In the mid- to late nineteenth century, at a time when democracy was rising, the Papal States were under serious strain, and radical political movements were on the move, two general camps emerged within the Catholic Church. On one side, there were the ultramontanists, who favoured the temporal power and regarded the idea of religious liberty as a fateful surrender to secularism and modernism. On the other side were the liberals, who embraced religious liberty and argued that papal infallibility should be embraced only in the strictly defined terms related to its own competency of faith and morals, but not to politics or economics.
Concessions to false religions can only ever be a toleration based on circumstances, and a concession in principle is indeed a “fateful surrender to secularism and modernism”. And his reading of the Syllabus of Errors is simply not supported by the text:

Even Pius IX’s Syllabus of Errors could be read as compatible with an embrace of liberty if we recognise that while it condemned the view that the Church must be universally separated from the state (understood as the state confining religion to the purely private sphere—the goal of today’s radical secularists), it tolerated the view that the Church can be made prudently and advantageously distinct from the state.
Here we see confusion in his argument: that “the view that the Church can be made prudently and advantageously distinct from the state” is tolerable is not in question (and ‘distinct’ is the wrong word anyway, since Church and State are distinct), while in fact it is Fr.

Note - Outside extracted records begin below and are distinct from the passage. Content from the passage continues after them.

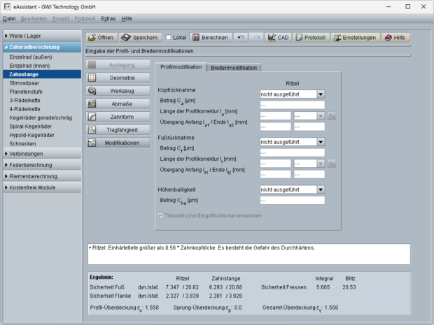 - Vorgabe von Flankenmodifikationen: Endrücknahme, symmetrische und asymmetrische Breitenballigkeit
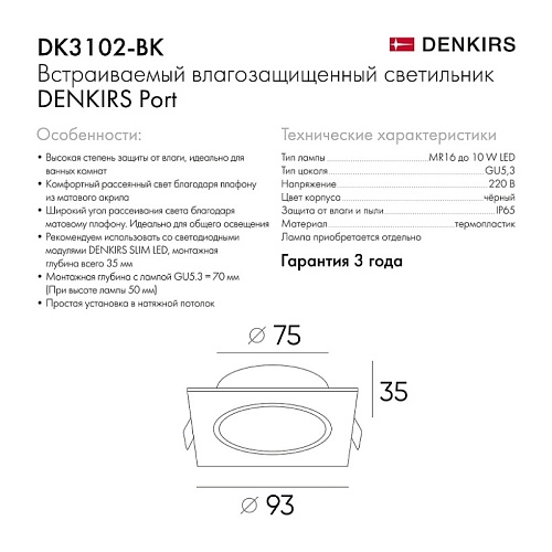 Характеристики DK3102-BK Встраиваемый влагозащищенный светильник, IP65, до 10 Вт, LED, GU5,3, черный
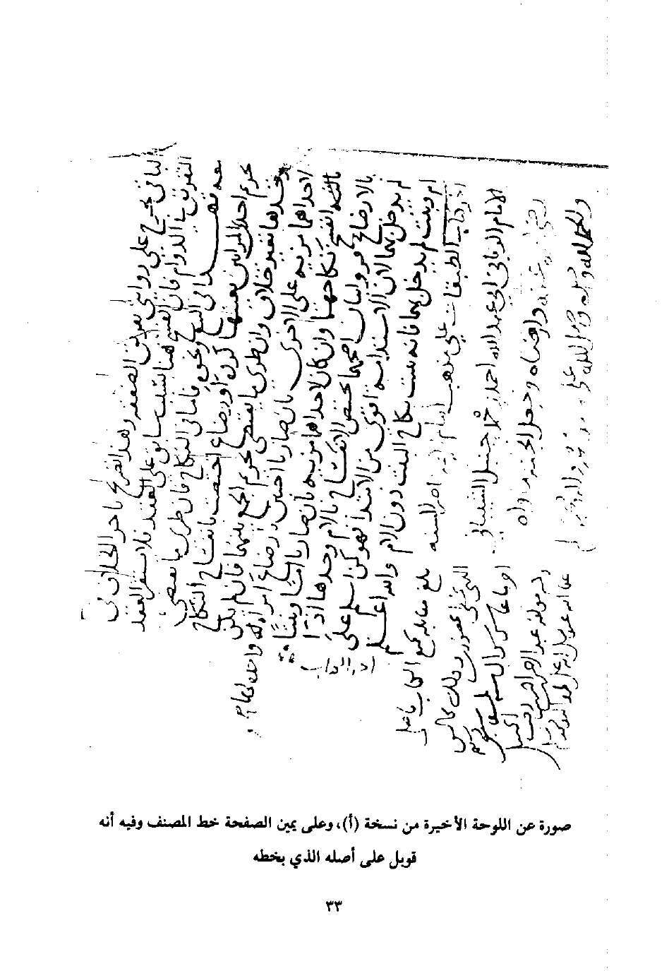 صورة عن اللوحة الأخيرة من نسخة (أ)، وعلى يمين الصفحة خط المصنف وفيه أنه قوبل على أصله الذي بخطه
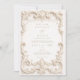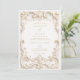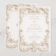 Anuncie sua ocasião alegre com este convite de casamento requintado, apresentando uma rica tonalidade marfim e detalhes barrocos intrincados. O trabalho de enrolamento ornamentado e os delicados acentos de pérola evocam um sentimento de romance atemporal e charme sofisticado, perfeito para uma celebração clássica e elegante. Este convite estabelece um tom luxuoso para o seu dia especial, sugerindo a beleza e a grandiosidade que aguarda os seus convidados. Este convite de casamento deslumbrante exibe uma cor marfim luxuosa e um design de enrolamento falso relevado. A floreira e o trabalho de filigrana e os acentos de pérola sutis criam uma experiência visualmente cativante, fazendo uma declaração grandiosa e elegante para o seu casamento. É a maneira perfeita de transmitir a elegância e a natureza memorável do seu casamento próximo. Perfeito para o
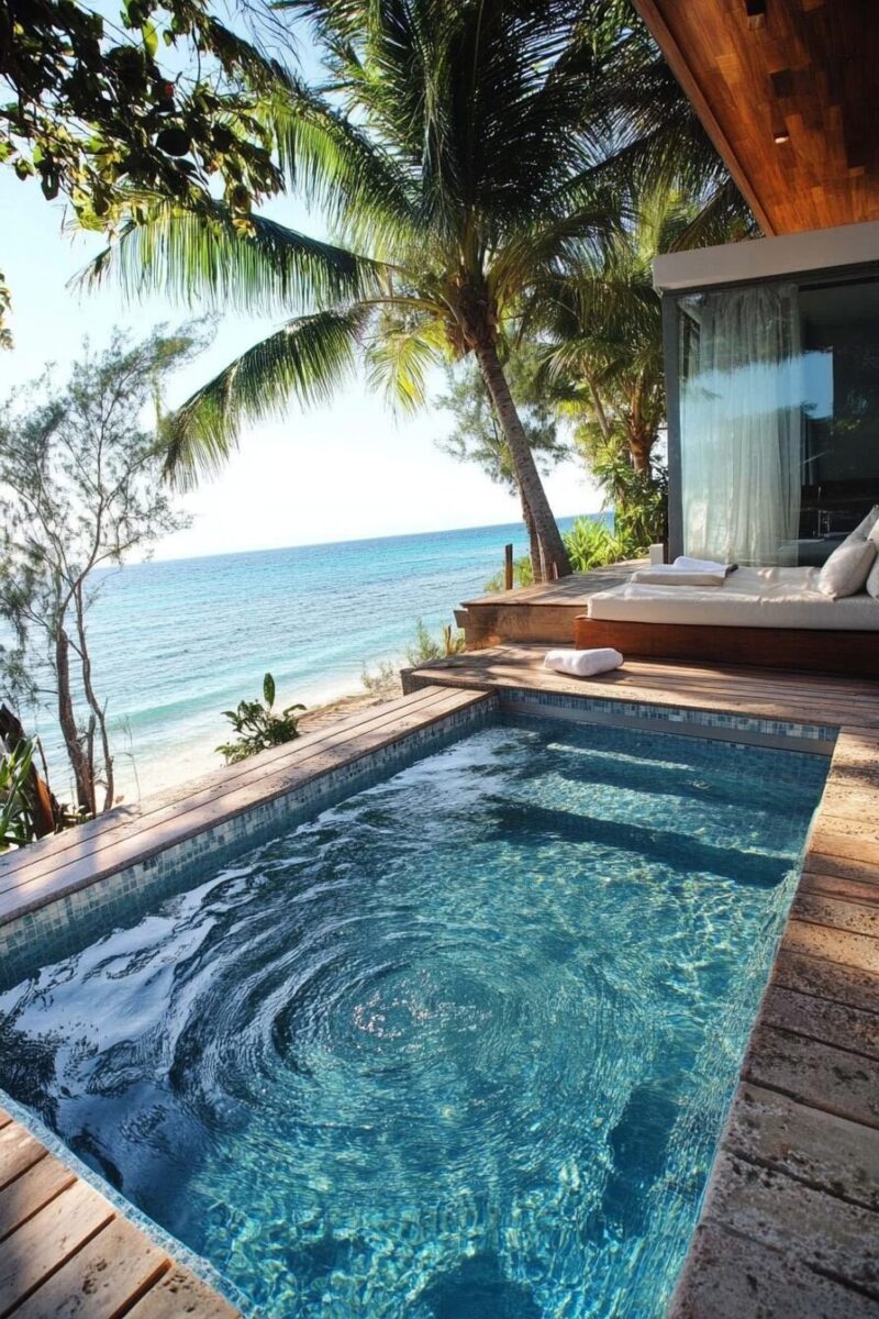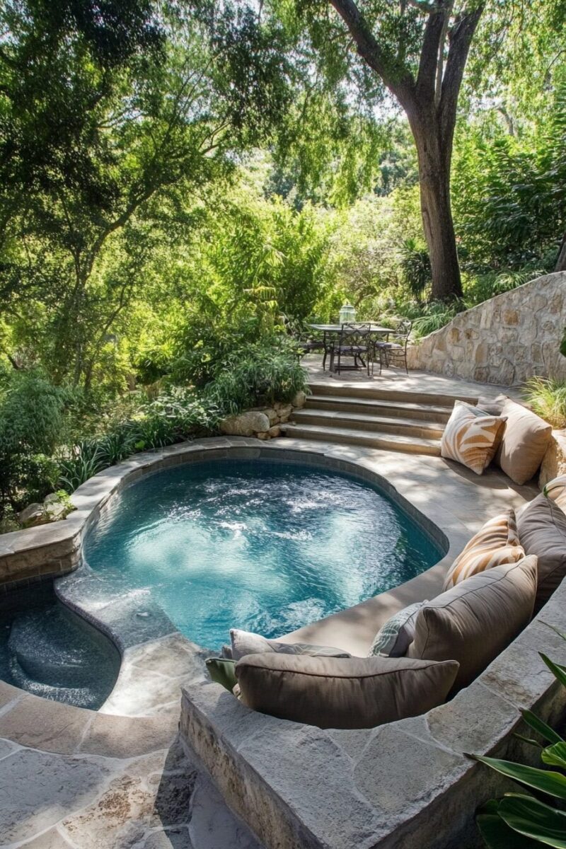 Sometimes called “spools” (spa + pool), these compact gems are designed specifically for socializing with drinks in hand rather than doing laps.
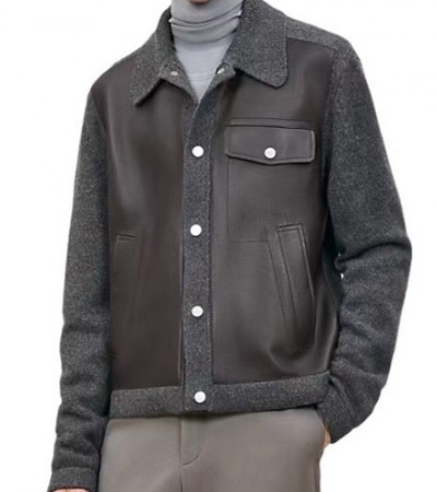 [홍콩명품.Hermes] 에르메스 25SS 로고 레더 가죽 캐시미어 레이어드 카라 자켓, BM23234, TOM, 레플리카의류,미러급사이트 > 남자의류
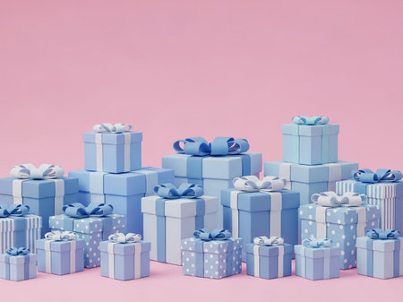A visually appealing arrangement of colorful gift boxes on a soft pink background, perfect for themes related to celebration, creativity, and festive designs in various projects.

Sirico’s views on Church-States relations at the level of principles that Bl. Pius IX was condemning.

When Fr. Sirico describes ‘liberation theology’ as “essentially a baptised form of Marxism” it is hard to ignore the savage irony that what he and the Acton Institute advocate is really just a ‘baptised form’ of libertarianism and economic rationalism. How can they not see this? Indeed, Marxism and economic rationalism aren’t fundamentally all that different: they share the same foundation, namely materialistic determinism, though while Marxism focuses on the social level, at which circumstances in the factors of production determine the course of history (historical materialism), economic rationalism focuses on the individual, with man conceived of as homo economicus, with a utility function into which ones plugs the numbers and determines his behaviour.

We see this materialism crop up again when Fr. Sirico writes off the era of Christendom as being one in which the fact that

the tyrant professed Christianity was an incidental fact: he was merely using the culturally dominant religion as a cover for his true ambition
and it is an insult to the likes of Alfred the Great, Charlemagne, St. Edward the Confessor and St. Louis IX.

What is it with people trying to graft onto Tradition that which can never organically be a part of it? Why the constant conformity to the spirit of the age? Why can they not be content simply ‘to hand on what they have received’?

What is perhaps most telling about Fr. Sirico’s position is the complete absence of any reference in this lecture to one of the fundamental principles of Catholic social teaching, namely the common good. Search for keywords like ‘common good’ or ‘public good’ or public welfare or common welfare and you will find nothing. Indeed, one must ask of Fr. Sirico: does he agree that the common good is the proper end of the State? Does he agree that the common good is the relevant criterion for determining when to restrict liberty (an important question given that his lecture was, after all, on the topic of ‘Must Religion be a Threat to Liberty?’)? Does he agree that the State is a juridical and moral person that is capable of acknowledging God as the source of its authority, of the blessings that it enjoys and of its very existence, i.e., that the State really can be confessional? Just what is this man’s theory of the State?